Have opted for loan moratorium? Know how to cut costs, opted for loan moratorium? Know how to cut costs

Have opted for loan moratorium? Know how to cut costs, opted for loan moratorium? Know how to cut costs

Have opted for loan moratorium?  Know how to cut costs

Loan Moratorium&nbsp


  • There was a huge loss in income due to the impact of employment during the Corona period.
  • RBI gave the facility of moratorium to the borrowers.
  • This facility was given to the borrowers up to the limit of Rs 25 crore.

Due to the lockdown imposed in many states to prevent the second wave of the epidemic, financial crisis has arisen for many people. Many people suffered huge loss of income due to business closure and job loss. The lifeline of borrowers at the end of the pandemic was extended by the Reserve Bank of India (RBI) in the form of Resolution Framework (RF) 2.0 announced by the central bank on May 5, 2021. This was in line with the measures announced earlier. year under RF 1.0 which made distressed borrowers eligible for loan moratorium. Moratorium refers to the deferment of the repayment which gets added to the principal amount. As the borrower starts the repayment, the repayment period and in some cases the EMI increases. These are monetary policy instruments used by central banks such as the RBI and the US Federal Reserve to protect borrowers facing financial hardship.

Governor Shaktikanta Das allowed extension of the moratorium period by two years for those who had availed it in 2020. Individual borrowers and small business owners availing restructuring of their loans under RF 1.0 for a period of less than two years were allowed to utilize the full limit of two-year window provided by the central bank.

MyMoneyMantra.com founder and MD Raj Khosla said borrowers who had opted for the moratorium between March 2020 and August 2020, but were still battling the economic impact of COVID, and wanted a total moratorium of 24 months, an additional Can apply for the period (24-X) and then apply for payment restructuring. Unpaid EMI and lenders had to find a way to recover it over the remaining life of the loan or any such scheme.

However, those borrowers who did not take advantage of the relief measures provided by the central bank in 2020 can approach lenders for restructuring their loans, provided such accounts are classified as ‘standard’ by March 21, 2021. has been done. But this facility is available to those borrowers. Whose arrears of Rs 25 crore or less. Any account that is behind in the repayment schedule for a period of 90 days or more can be classified by lenders as a ‘substandard’ account.

Who is eligible for Loan Moratorium, Restructuring?

Individuals who have taken a personal loan to their own workers other than the loan facilities provided by lending institutions; Individuals who have availed business loans up to a limit of Rs.25 crores. Small businessmen engaged in retail or wholesale business with accounts of less than Rs.25 crores. According to SBI, all loans including home loans, car loans, education loans and personal loans are eligible for the moratorium. If the same COVID-affected borrower has multiple loans, all such accounts will be eligible for the moratorium.

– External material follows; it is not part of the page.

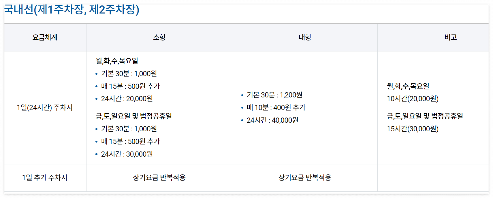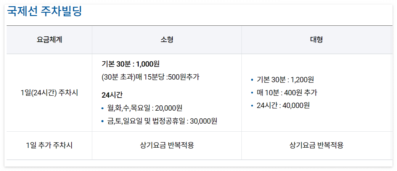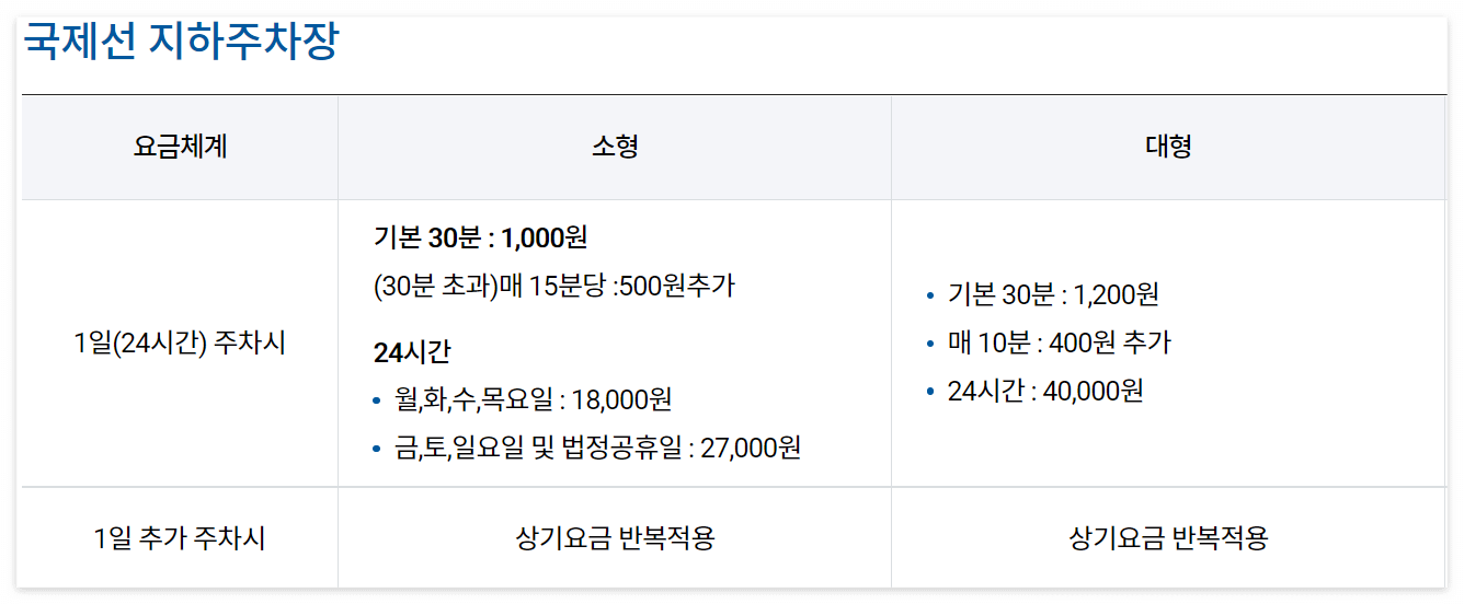 국제선 지하주차장의 요금이 가장 저렴하니 참고하세요!

How can you take advantage of this?

Borrowers facing financial difficulties have the option of applying for a complete moratorium or for deferment of their dues, both interest and principal amount, for a maximum period of 24 months or two years. However, the borrower can also choose to pay only interest on the principal amount. However, borrowers should note that neither the interest nor the principal amount will be waived off during the moratorium or restructuring period. Once the repayment holiday is over, the borrower can continue with the original repayment tenure with higher EMI or can opt for the extended repayment tenure with the original EMI.

The cost increases when you choose the moratorium option

It is to be noted that opting for the moratorium will increase the liability for the borrower as the interest earned during the moratorium on the principal will have to be paid back after the moratorium period is over. Due to non-payment of dues during the moratorium period, the interest charges for the borrower will increase if the outstanding amount increases. Experts say that in order to reduce the cost of the moratorium, borrowers will continue to pay at least the interest on the outstanding amount, so that the outstanding amount is not affected.